Could you transcribe exactly the lines from the one containing "この日の海とヨット(ふらふら" through the end of the listing below, both included, but none of the pictures?

**Exercise data**

┌──

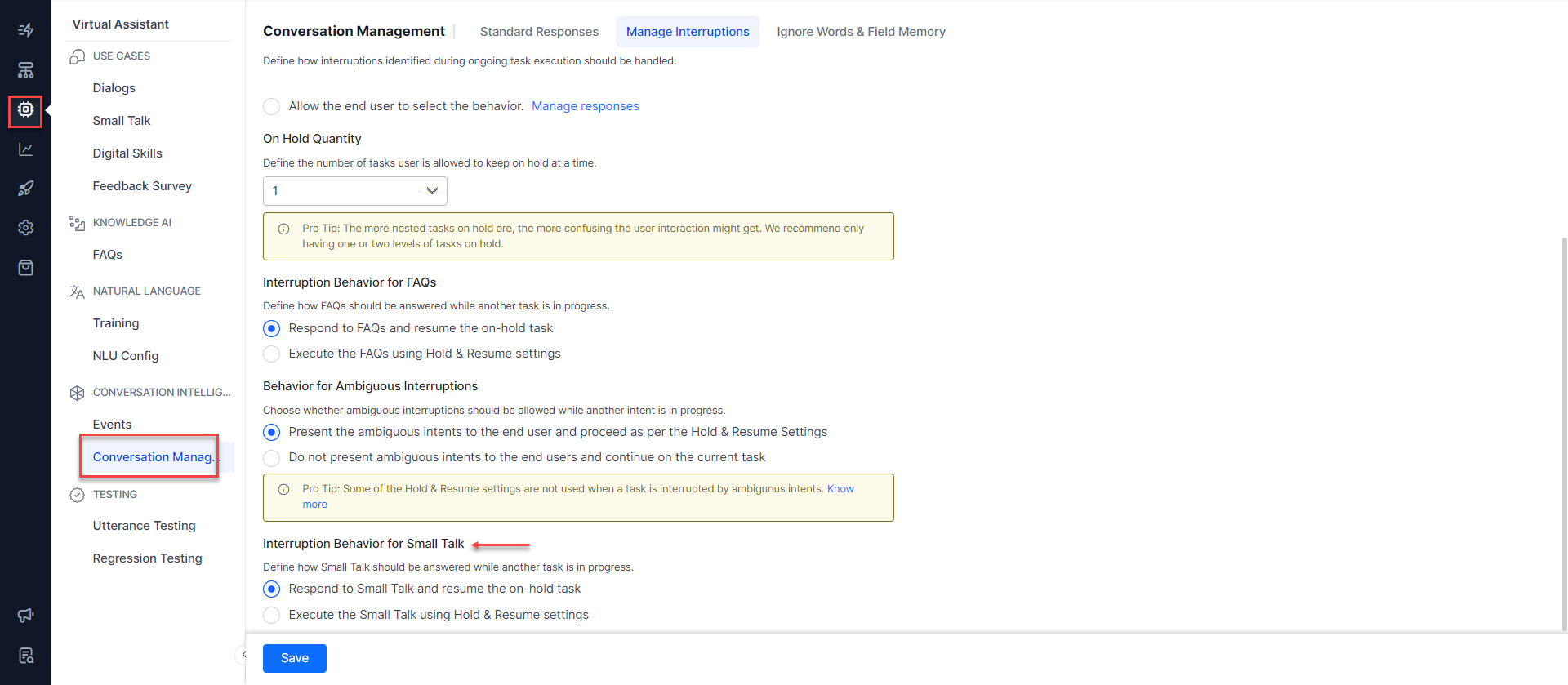 - Interruption Behavior for Small Talk is handled using the following options under Automation AI > Conversation Management > Manage Interruptions > Interruption Behavior for Small Talk
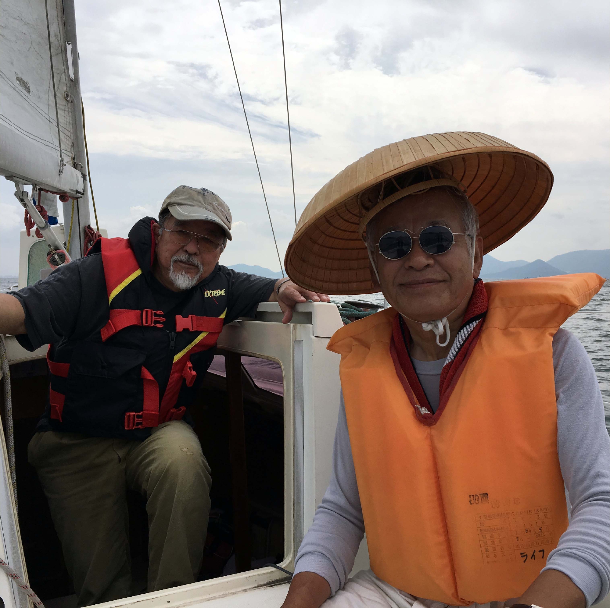 この日の海とヨット(ふらふら号)、写真9-28。私と米谷(ヨネチャン)氏、写真9-29。神戸から一緒してくれた木村氏(ミッチャン)、9-30。
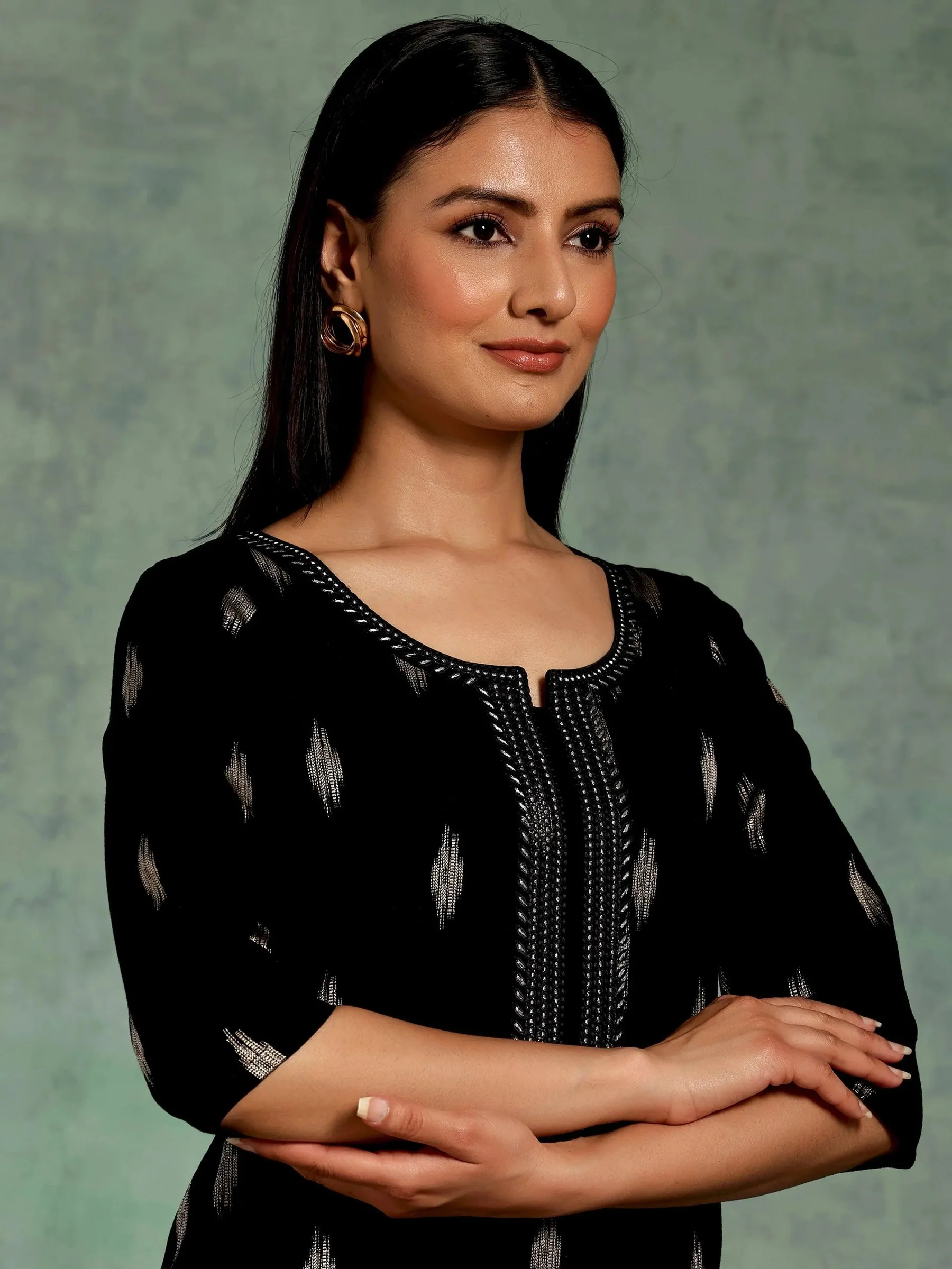 Black Woven Design Rayon Straight Kurta

└──

**The completed task**
 この日の海とヨット(ふらふら号)、写真9-28。私と米谷(ヨネチャン)氏、写真9-29。神戸から一緒してくれた木村氏(ミッチャン)、9-30。
 Black Woven Design Rayon Straight Kurta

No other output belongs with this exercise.